I have to admit, we haven't studied this chapter much yet. For us, it's simply "economically and environmentally". In practice, this means that we try to make the perfect meal even with so-called second-class ingredients. For example, almost nobody wants to buy tripe at Amaso, but in our kitchen we use it to make a beautiful old dish - pajšl. The skins, which simmer for a long time in a creamy mushroom sauce, are also perfect. If you close your eyes, the food must taste delicious. And it doesn't matter if it's tripe, skins, sirloin or truffles.

What's on your menu now, according to Marie?

We cook her way practically all the time. A week ago, it was veal tripe in béchamel, and now we're stocking up on plum jam for the winter.

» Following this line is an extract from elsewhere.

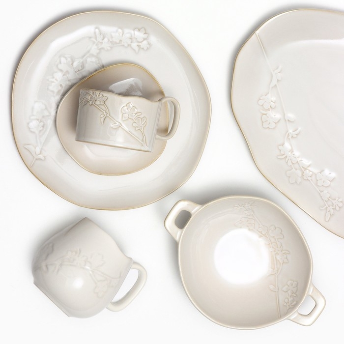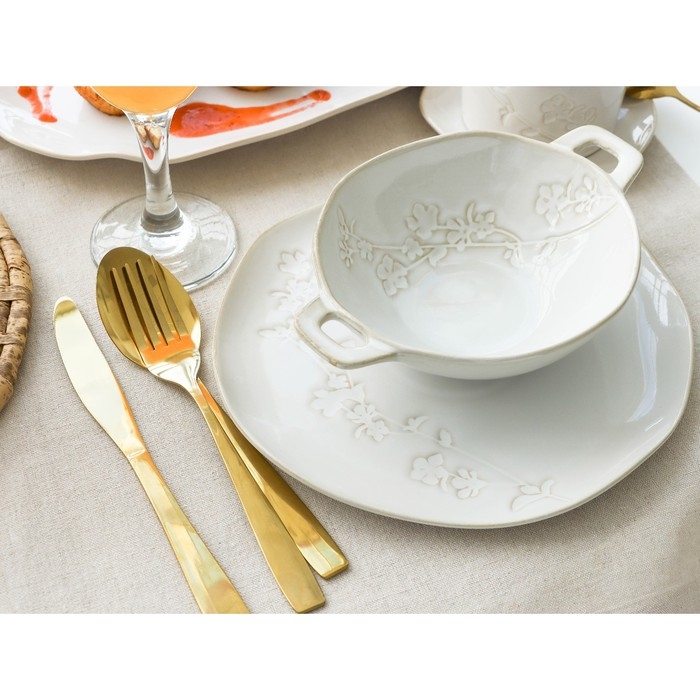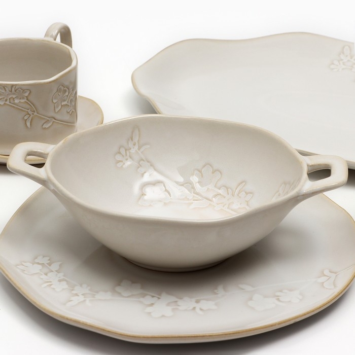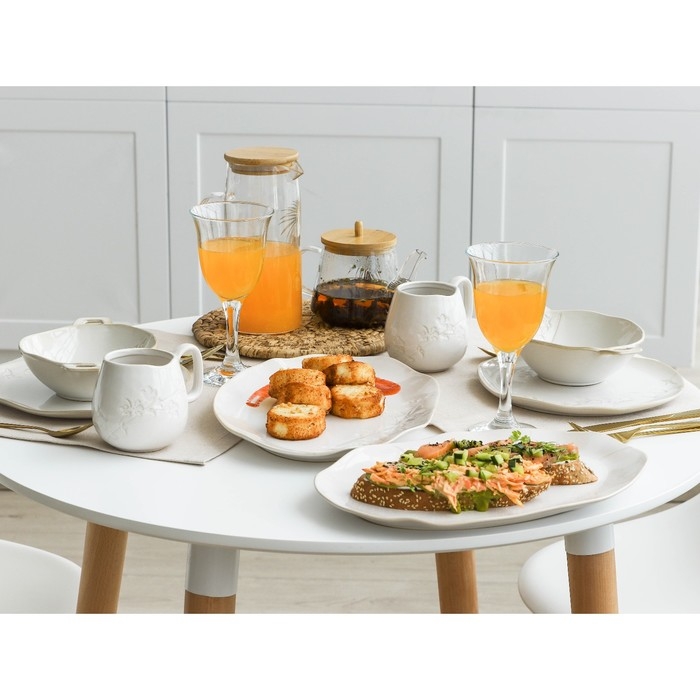 Блюдо фарфоровое с соусником Доляна White Label, d=25 см, цвет белый

But I have to say that we use about 15% of the cookbook, because there is so much in there that we can't manage it all. We always have a Marie period where we go crazy and try new things. Then we don't look at it again for six months. It's like our bible that's there when we don't know what to do.

A bible to Czech housewives in 1894. Marie B. Svobodová summarised in it, at her own expense, the entire basis of the art of cooking - from nutrition through commodities, technology and procedures to dining, menu preparation and specific recipes. The informative part has almost 400 pages, the practical part ends with page 929. The book speaks in a language full of bourgeois flavours and references to French and Central European gastronomy - and that's what La Degustation Bohême Bourgeoise has opted for.